Androgen Receptor Physiology

The androgen receptor (AR) gene is located on chromosome X at locus Y11–12 and codes for a nuclear compound with four distinguishable components: the amino-terminal domain (NDT), DNA binding domain (DBD), a hinge region and ligand binding domain (LBD).2–4 In the absence of ligands, the AR remains in the inactive state, bound to heat-shock proteins (specifically HSP90 chaperone complex) in the cytoplasm. The primary AR ligands are dihydrotestosterone (DHT) and testosterone. Upon ligand-binding, AR shifts its conformation and detaches from the HSP90 complex, transports to the nucleus in a homo-dimerized state and attaches to the androgen response element (ARE) in the promoter region of androgen regulated genes.3,5

Androgen Deprivation Therapy (ADT)

AR signaling is central to prostate cancer (PC) oncogenesis. Early studies by Huggins and Hodges in 1941 demonstrated that castration or estrogen injection reduced PSA level in men with prostate cancer.1 This observation provided a rationale for ADT which aims to inhibit growth of PC by suppressing serum testosterone to “castrate” levels (defined as <50 ng/mL). ADT was historically achieved with surgical orchidectomy (surgical castration) but can now be performed with medical castration by inhibiting systemic production of androgens via the hypothalamic-pituitary-gonadal (HPG) axis.

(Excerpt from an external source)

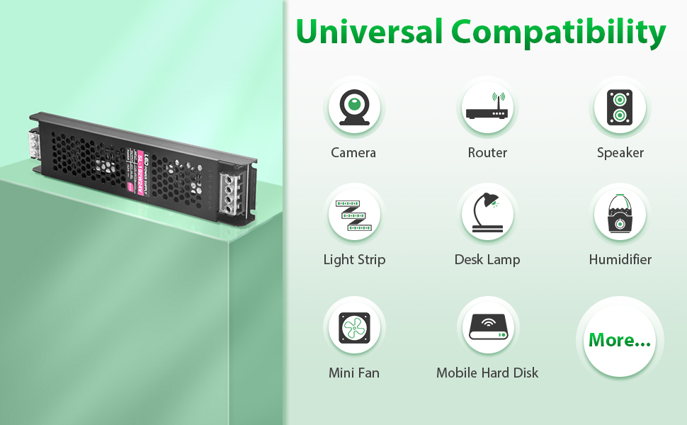 يعد مصدر الطاقة هذا خيارك الأفضل عند توصيل شرائط الإضاءة بشكل متوازٍ أو عند الحاجة إلى تشغيل معدات مختلفة. مجموعتان من قنوات الإخراج أكثر ملاءمة لاستخدامك.

Gonadotropic releasing hormone (GnRH) is released from the hypothalamus in a pulsatile manner under physiologic conditions and stimulates the release of luteinizing hormone (LH) from the pituitary, which in turn stimulates testicular Leydig cells to produce testosterone. By contrast, a steady state concentration of GnRH has an inhibitory effect on the pituitary and blocks testosterone production via the HPG axis. Thus, the therapeutic administration GnRH agonists (leuprolide, goserelin, buserelin, triptorelin) and antagonists (degarelix) shuts down androgen production via the HPG axis.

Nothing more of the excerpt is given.